THE PROBLEM - For the data that follows, print the line with "这片草莓大棚也带动了当地村民", the line with "2021年一季度,寫字樓市場", and all lines between them, exactly as they stand. Omit pictures and add nothing.

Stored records

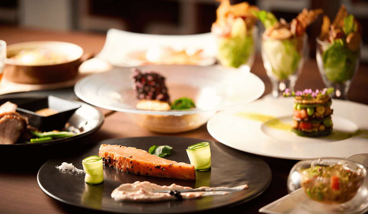 料理オリンピックメダリストが腕をふるうこだわりのメインディッシュやジュエリーのようにきらめくスイーツに心が躍ります。
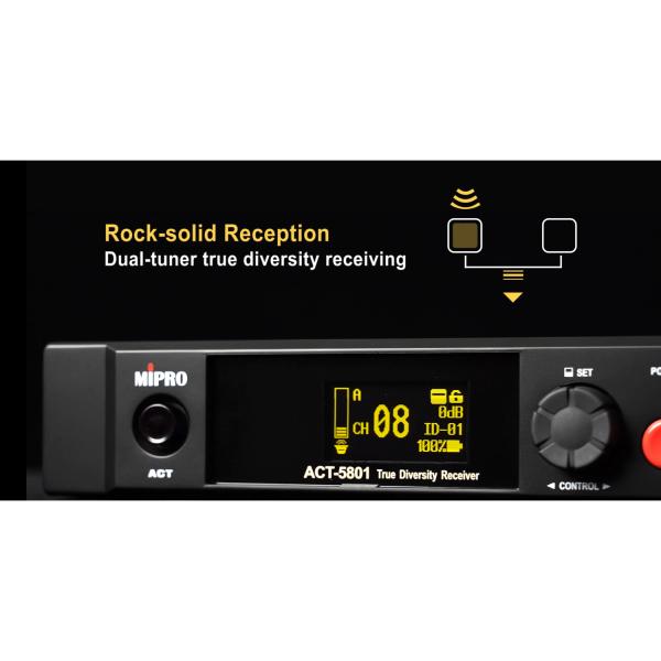 Der Mipro ACT-5801 ist ein digitaler 1-Kanal-Empfänger im anmeldefreien Frequenzbereich von 5,725 - 5,850 GHz.
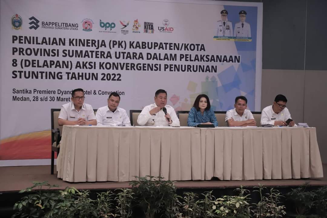 Demikian disampaikan Bupati Edy Berutu pada penilaian kinerja kabupaten/kota Provinsi Sumatera Utara dalam pelaksanaan 8 aksi konvergensi penurunan stunting tahun 2022 di Santika Premiere Dyandra Hotel dan Convention Medan, Rabu (29/3).
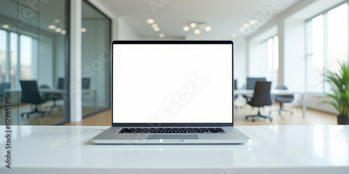 laptop in the office with an empty white screen
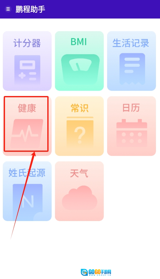 1、启动鹏程助手软件后,首先看到的是琳琅满目的功能选项,从中找到“健康”板块并点击进入。
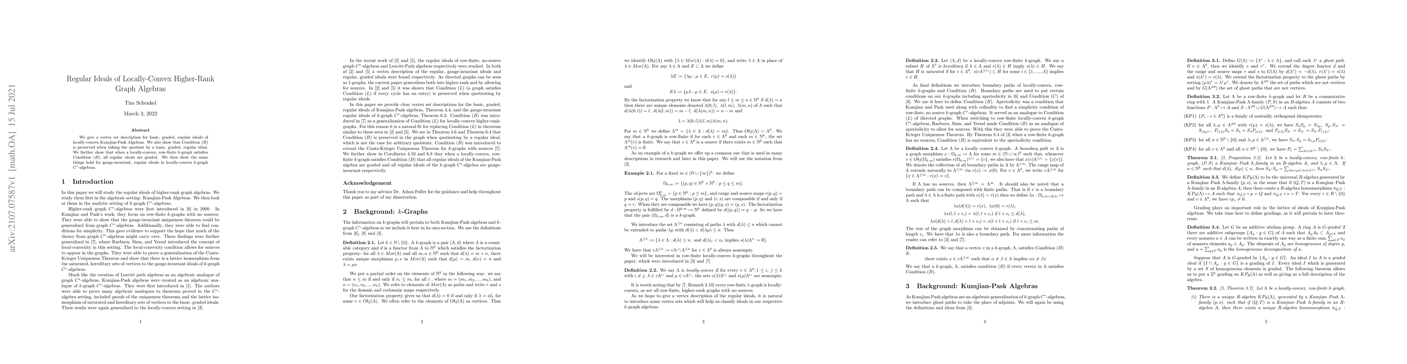 This paper provides a vertex set description for basic, graded, regular ideals in locally-convex Kumjian-Pask Algebras and demonstrates that Condition (B) remains intact upon quotienting by such ideals. It also proves that all regular ideals in locally-convex row-finite k-graphs satisfying Condition (B) are graded, extending these findings to gauge-invariant, regular ideals in locally-convex k-graph C*-algebras.
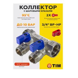 Коллектор с шаровыми кранами 3/4х1/2-2 выхода под конус MV-3/4-N-2
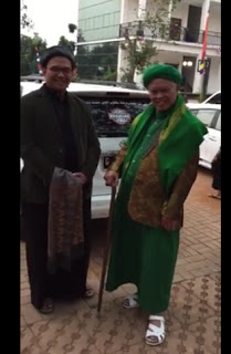 Pangersa Abah menunjuk ke stiker Harley Davidson yang tulisannya dimodifikasi secara apik menjadi PENCINTA KESUCIAN JIWA yang menempel di mobil Toyota Fortuner bernopol G 405 SM milik Pangersa.
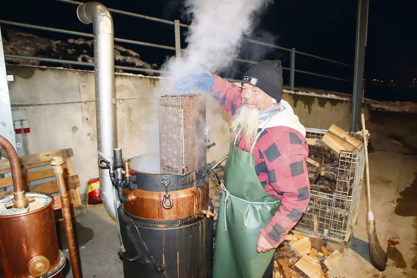 Auch in Ossingen auf dem Weingut Wiesendanger hält man die vorweihnächtliche Tradition hoch. «Wir laden jeweils in der ersten Adventswoche zu unserer Weihnachtsdegustation ein, wobei wir abwechslungsweise Fondue oder Treberwurst servieren», erklärte Hans Wiesendanger. In diesem Jahr war die Wurst an der Reihe, die ihren Ursprung in der Westschweiz hat. Auf dem Ossinger Weingut wurde sie in einer Brennblase im Traubentrester gegart, wodurch sie ihr spezielles Aroma erhält. Serviert wurde die Treberwurst im ehemaligen Wasserreservoir – heute «Vinoir» genannt.
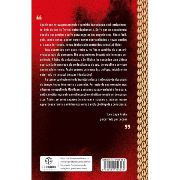 Nesta obra, somos apresentados à história de um irmão em desequilíbrio que, no fim dos anos 1990, passou a última encarnação como chefe do tráfico de drogas em uma favela carioca. Sob a supervisão dos exus Tranca-Ruas das Almas e Capa Preta, ele relata sua última existência e conta como foi responsável por viciar e matar inúmeras pessoas, queimando muitas delas vivas, tudo em nome do dinheiro e de uma falsa sensação de poder. Em seguida, aos poucos, os exus vão permitindo que o quiumba acesse memórias de outras encarnações. A partir deste ponto, descobrimos que tratava-se de um espírito milenar que já tinha recebido várias oportunidades de resgate reencarnatório, mas que, em todas elas, caiu, sempre em nome do egoísmo, do vício e da ganância. Em todas as encarnações, tornou-se um assassino, acabando com as chances que recebeu. Além disso, o elemento fogo sempre foi determinante em cada uma das passagens desse espírito. Por isso, é no Reino do Fogo, regido por Xangô, que o quiumba recebe sua última chance de redenção, atuando como um exu para resgatar os débitos contraídos nas vidas que teve. Nesta obra, entenderemos mais sobre a Lei de Causa e Consequência e a construção dos planos reencarnatórios nas entevidas, além do processo de “exunização”.
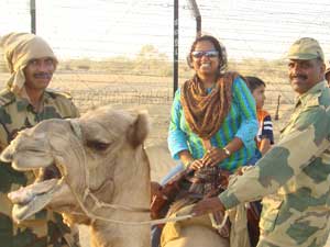 ಮತ್ತಿಬ್ಬರು ಸೈನಿಕರು ಜೊತೆಗೂಡಿದರು. ನಾನು excitementನಿಂದ ಕೂಗಿದೆ, ಕಿರುಚಿದೆ. ಅವರುಗಳು ಅಷ್ಟೇ ಉತ್ಸುಕತೆಯಿಂದ ನನ್ನನ್ನೋಡಿ ಮುಗುಳ್ನಗುತ್ತಿದ್ದರು. ನನ್ನೊಳಗೆ ಭಗತ್ಸಿಂಗ್ ಆವಾಹಿಸಿಕೊಂಡಿದ್ದ. ಮೈಮೇಲಿದ್ದ ದುಪ್ಪಟ್ಟವನ್ನು ಕಿತ್ತೊಗೆದು 20 ಅಡಿಗಳಷ್ಟು ಎತ್ತರವಿದ್ದ ಅಟ್ಟಣಿಗೆಯ ಮೇಲೆ ಸರಸರನೆ ಹತ್ತಿ ಗಜಗಾತ್ರದ ಬೈನಾಕ್ಯುಲರ್ನಲ್ಲಿ ಪಾಕಿಸ್ತಾನವನ್ನು ನೋಡಿಯೇ ಬಿಟ್ಟೆ! ಆದ್ಯಾವ ಶಕ್ತಿ ಹೊಕ್ಕಿತ್ತೋ, ದೈತ್ಯಾಕಾರದ ದೇಹದಿಂದ ಭಯಾನಕವಾದ ಧ್ವನಿ ಹೊರಡಿಸುತ್ತಿದ್ದ ಒಂಟೆಯ ಡುಬ್ಬವನ್ನು ಯಾರ ಸಹಾಯವೂ ಪಡೆಯದೆ ನಿಮಿಷಮಾತ್ರದಲ್ಲಿ ಹತ್ತಿಬಿಟ್ಟೆ ಹೀಗೆ. . . . .ಫೋಟೊ-5
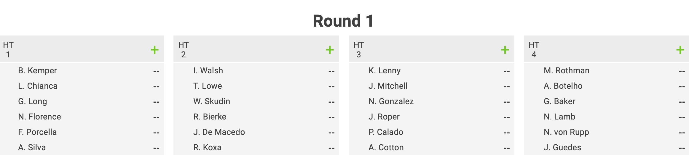 Heat 1: Billy Kemper (HAW), Lucas Chianca (BRA), Greg Long (USA), Nathan Florence (HAW), Francisco Porcella (ITA), Antonia Silva (PRT)
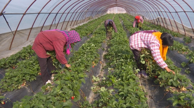 这片草莓大棚也带动了当地村民们共同增收致富。“在草莓园干活,离家近,能照顾家庭。”村民王玉兰一边采摘一边高兴地说,没有农活时,她就到草莓大棚当采摘工,一个月还有2000多块钱的收入。据介绍,草莓园已为当地80余名村民提供了家门口就业的机会。
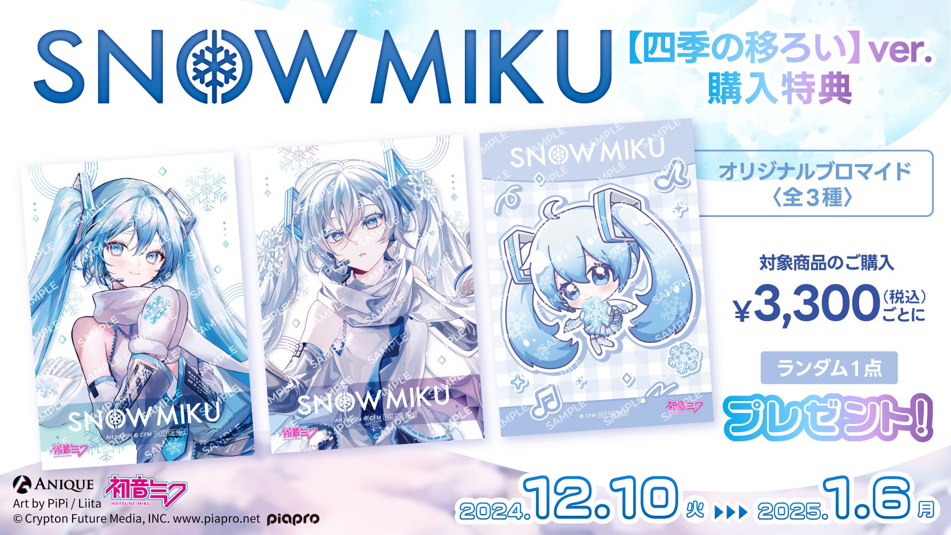販売期間中(2024/12/10~2025/1/6)、『雪ミク』対象商品を3,300円(税込)お買い上げごとに【購入特典】雪ミク オリジナルブロマイド(全3種)をランダムで1点プレゼントいたします。
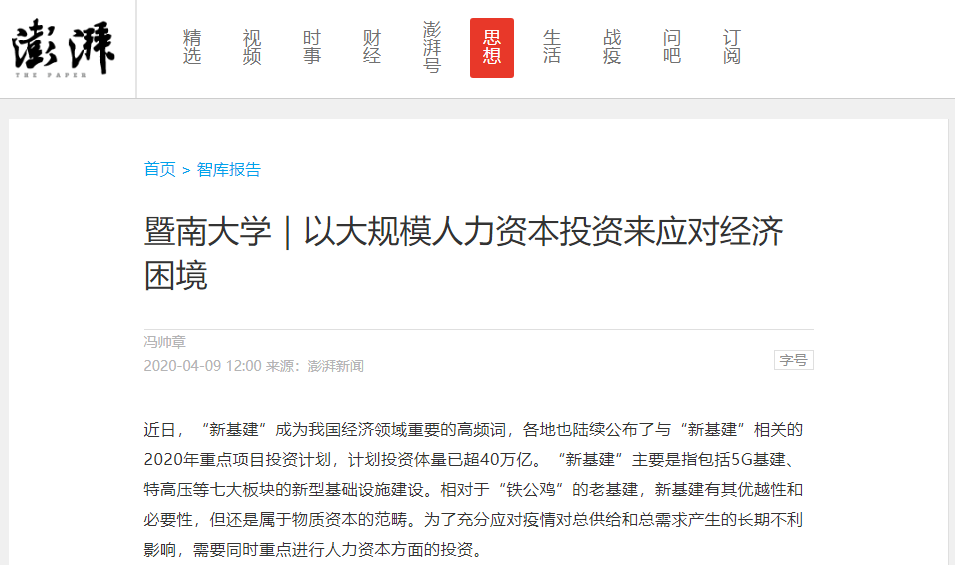然而仅仅投资于“新基建”为代表的物质资本,可能很难避免当年“四万亿”所带来的一些不利影响。正确的做法应该是在“物”与“人”之间寻求一种平衡,既投资于物,也投资于“人”。
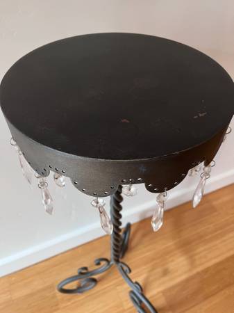 Round tabletop with scalloped edge detailing and hanging crystal-style drops for a touch of sparkle.
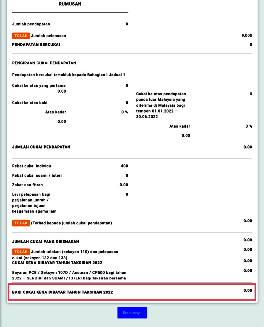 Nanti lepas siap masukkan semua amaun yg berkaitan, korang akan dapat rumusan pengiraan masing-masing. Kadar cukai yang turun Belanjawan 2023 baru ni takda kena mengena. Sebab korang nak declare ni cerita 2022.
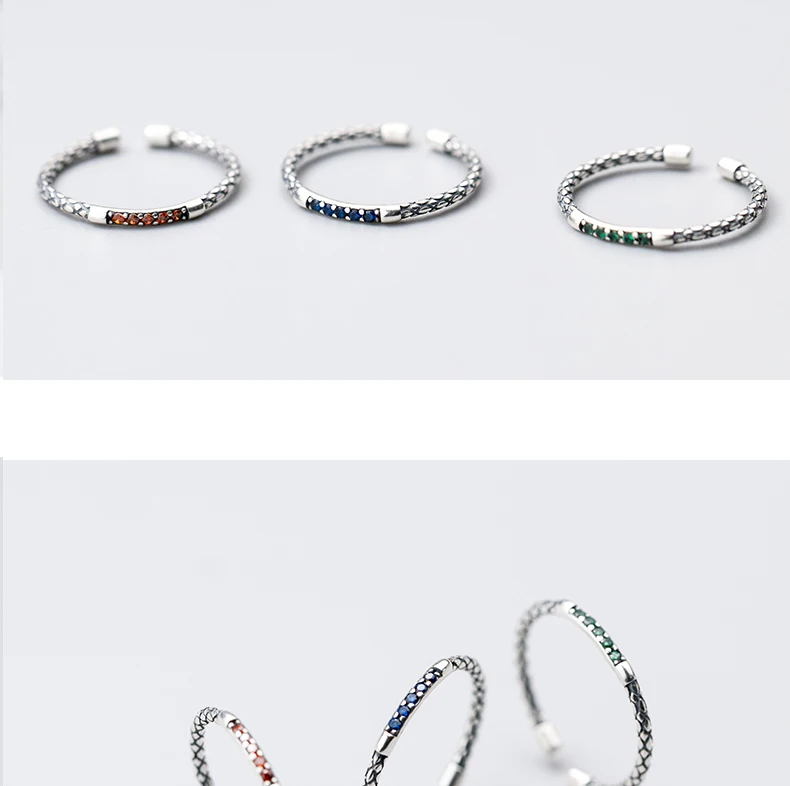 MloveAcc Vintage Thai Silver Snake Pattern Open Ring Women Fashion 925 Sterling Silver Rings Jewelry
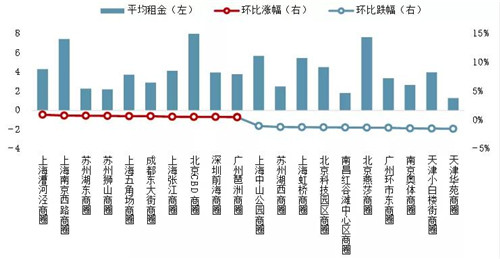 2021年一季度,寫字樓市場加速分化,硬件設(shè)施較好、價(jià)格相對較低的新興商圈持續(xù)吸收周邊外溢需求,部分樓齡相對較長的次核心商圈寫字樓市場恢復(fù)較慢;同時(shí),受制于世界經(jīng)濟(jì)形勢的不確定性,部分外資企業(yè)較多的商圈寫字樓需求亦有所減弱。在寫字樓租金環(huán)比下跌的商圈中,天津華苑商圈跌幅最大,為1.51%;天津小白樓、南京奧體等9個(gè)商圈跌幅亦在1.0%以上;杭州錢江世紀(jì)城、廣州北京路、天津友誼路等23個(gè)商圈跌幅在1.0%以內(nèi)。
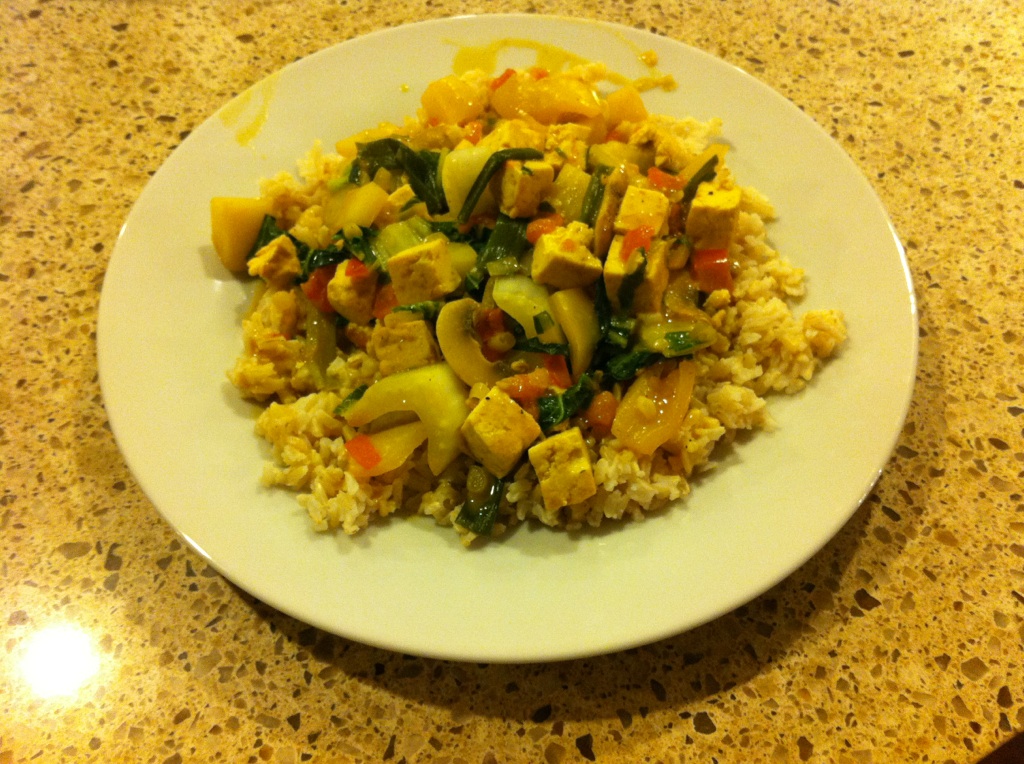 So, I kept my mouth shut and let him cook away. We had tofu curry with vegetables and brown rice that first night and I have to admit it was really good and right up my alley.
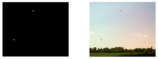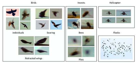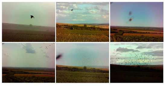 36]. The captured set included all items that had changed their positions by at least one pixel between two instances of imaging. The images contained individual birds, bird flocks, insects, and other objects. In total, we executed approximately 300,000 detection shots, and these then allowed us to use in the research a corresponding number of images with detected items. From such a perspective, the differential method for the detection of moving objects appears to be wholly insufficient in monitoring only a single concrete item; in our case, however, the object is a flock of birds. The acquired images nevertheless embodied a good input to support the subsequent application of deep learning. To prepare for this procedure, we classified and annotated the images, eventually obtaining a set of training images. The result was a classification model implemented in a microcomputer to facilitate the visual detection of bird flocks.
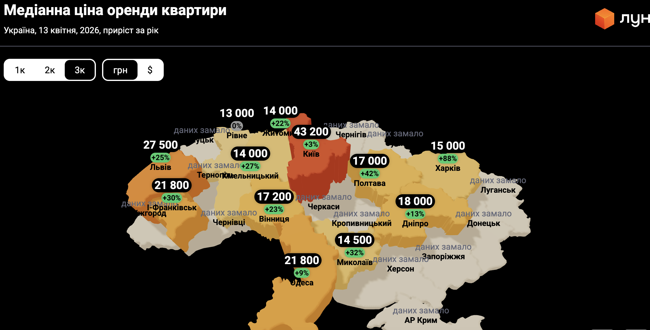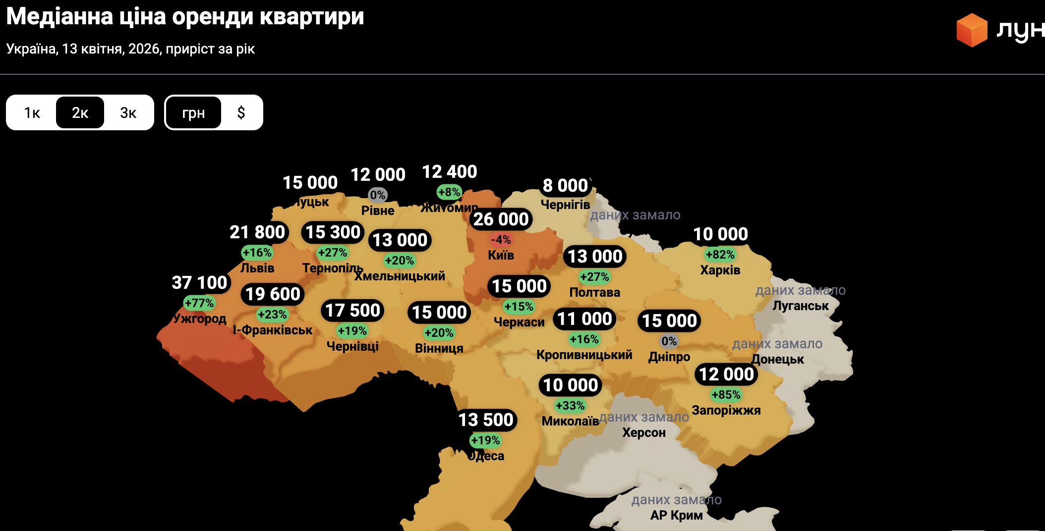 Попри таке зростання, Харків залишається містом із найдешевшою орендою серед великих обласних центрів. Для порівняння, в Ужгороді середня ціна сягає 21,8 тис. грн, у Львові – 17,9 тис. грн, Івано-Франківську – 17,5 тис. грн, у Києві – 17 тис. грн.
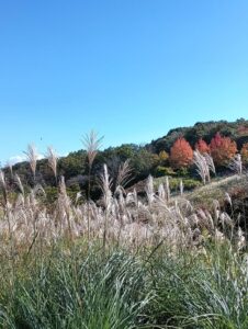 園内至る所にススキの群生が見られます。斜面一面に生えたススキが風で一気に揺れる様子はとても風流です。
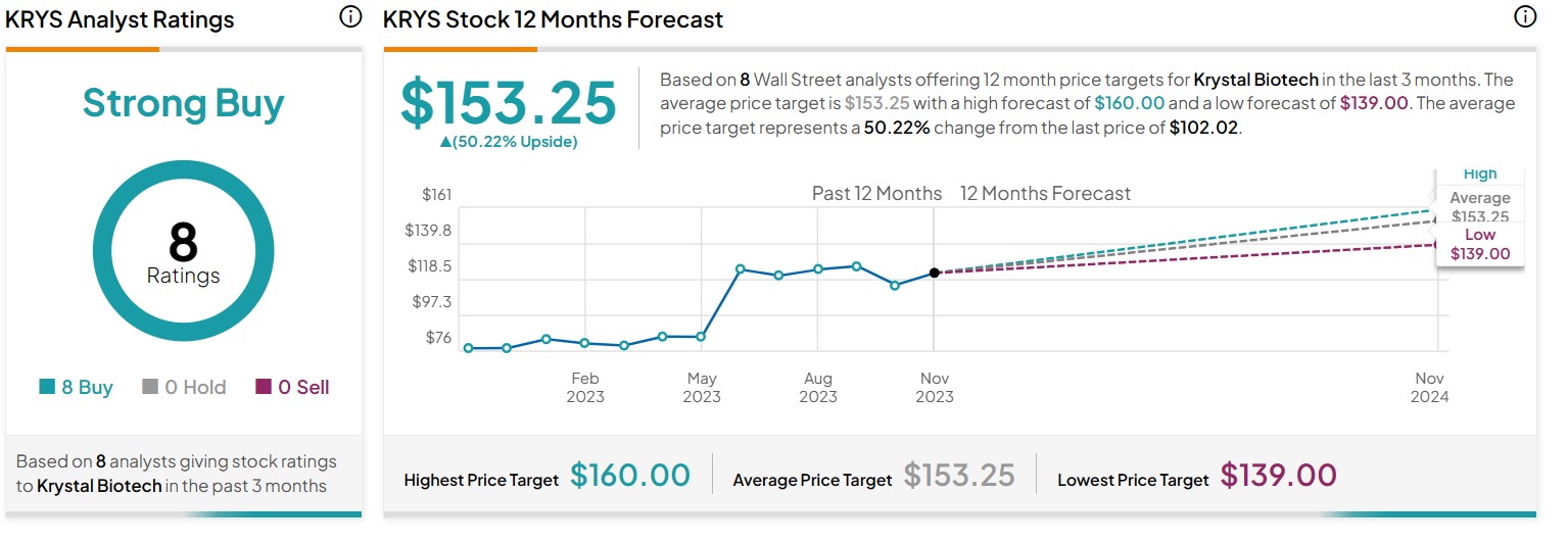 对Tan来说,这些评论支持了她对该股的买入评级,她给予的目标价则为160美元,意味着未来一年该股将稳步上涨大约58%。总体而言,机构汇编的华尔街分析师评级数据显示,Krystal的“强烈买入”评级可谓是华尔街分析师一致评级,基于8个积极的评论,表明华尔街分析师们一致认为该公司有一个良好的未来。该股目前定价为102.020美元,华尔街分析师平均目标价显示,平均目标为153.25美元,暗示一年左右的涨幅有望达到50%。

RESULT OF THIS EXERCISE -
 这片草莓大棚也带动了当地村民们共同增收致富。“在草莓园干活,离家近,能照顾家庭。”村民王玉兰一边采摘一边高兴地说,没有农活时,她就到草莓大棚当采摘工,一个月还有2000多块钱的收入。据介绍,草莓园已为当地80余名村民提供了家门口就业的机会。
販売期間中(2024/12/10~2025/1/6)、『雪ミク』対象商品を3,300円(税込)お買い上げごとに【購入特典】雪ミク オリジナルブロマイド(全3種)をランダムで1点プレゼントいたします。
然而仅仅投资于“新基建”为代表的物质资本,可能很难避免当年“四万亿”所带来的一些不利影响。正确的做法应该是在“物”与“人”之间寻求一种平衡,既投资于物,也投资于“人”。
 Round tabletop with scalloped edge detailing and hanging crystal-style drops for a touch of sparkle.
 Nanti lepas siap masukkan semua amaun yg berkaitan, korang akan dapat rumusan pengiraan masing-masing. Kadar cukai yang turun Belanjawan 2023 baru ni takda kena mengena. Sebab korang nak declare ni cerita 2022.
 MloveAcc Vintage Thai Silver Snake Pattern Open Ring Women Fashion 925 Sterling Silver Rings Jewelry
 2021年一季度,寫字樓市場加速分化,硬件設(shè)施較好、價(jià)格相對較低的新興商圈持續(xù)吸收周邊外溢需求,部分樓齡相對較長的次核心商圈寫字樓市場恢復(fù)較慢;同時(shí),受制于世界經(jīng)濟(jì)形勢的不確定性,部分外資企業(yè)較多的商圈寫字樓需求亦有所減弱。在寫字樓租金環(huán)比下跌的商圈中,天津華苑商圈跌幅最大,為1.51%;天津小白樓、南京奧體等9個(gè)商圈跌幅亦在1.0%以上;杭州錢江世紀(jì)城、廣州北京路、天津友誼路等23個(gè)商圈跌幅在1.0%以內(nèi)。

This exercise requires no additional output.